There's more than one reason for backing up the metabase, and there are different ways of doing it too.
Instead of storing its configuration settings in the Windows Registry, like most other services store their configuration settings, IIS stores most of its settings in a file called the metabase. On Windows 2000 (IIS 5), the metabase is a binary file named MetaBase.bin, found in the %SystemRoot%\system32\inetsrv folder. Windows Server 2003 (IIS 6) uses XML as the format for its configuration information, rather than the proprietary binary format used by IIS 5. As a result, there are two metabase files in IIS 6: the metabase proper (MetaBase.xml), where configuration settings are stored, and an associated XML schema file (MBSchema.xml) that defines the XML syntax of the MetaBase.xml file. Because of the differences between these two platforms, we'll have to consider them separately when backing up IIS settings.

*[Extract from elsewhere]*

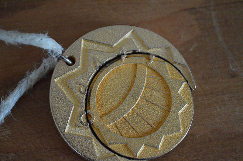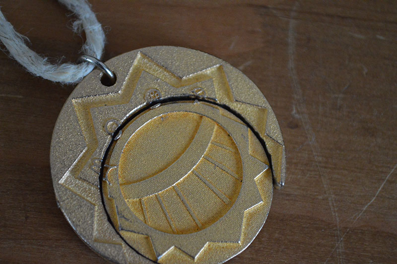 Bonjour, j'ai modélisé en 3D le médaillon du soleil avec ses deux faces (recto et verso) ainsi que les 2 inscriptions mus différentes les plus fréquentes dans la série animée. J'ai ensuite fait appel à un service d'impression 3D en ligne afin d'imprimer en 3D, en acier couleur or, les deux parties du médaillon. Des aimants ont aussi été rajouté afin que la clé des cités d'or ne puisse pas se perdre...

Many IIS administrators don't realize that there are two reasons for backing up the metabase and each reason requires a different method for doing so. The most obvious reason is to prepare for the eventuality of a disaster. Note that I said eventuality instead of possibility, because wise system administrators know that it's only a matter of time before something horrid happens. To prepare for such a disaster, you certainly want to back up the metabase on your IIS machines, but having a backup of the metabase alone isn't going to be much help if the hard drive containing your boot volume is toast; the proper functioning of the metabase depends on having access to some encryption keys that are part of the System State on your server. System State is a fancy phrase for a collection of important configuration information that lets you recover the predisaster state of your system after a massive failure renders it unbootable. You'll find more information about what's included in a server's System State in [Hack #92] in Chapter 10.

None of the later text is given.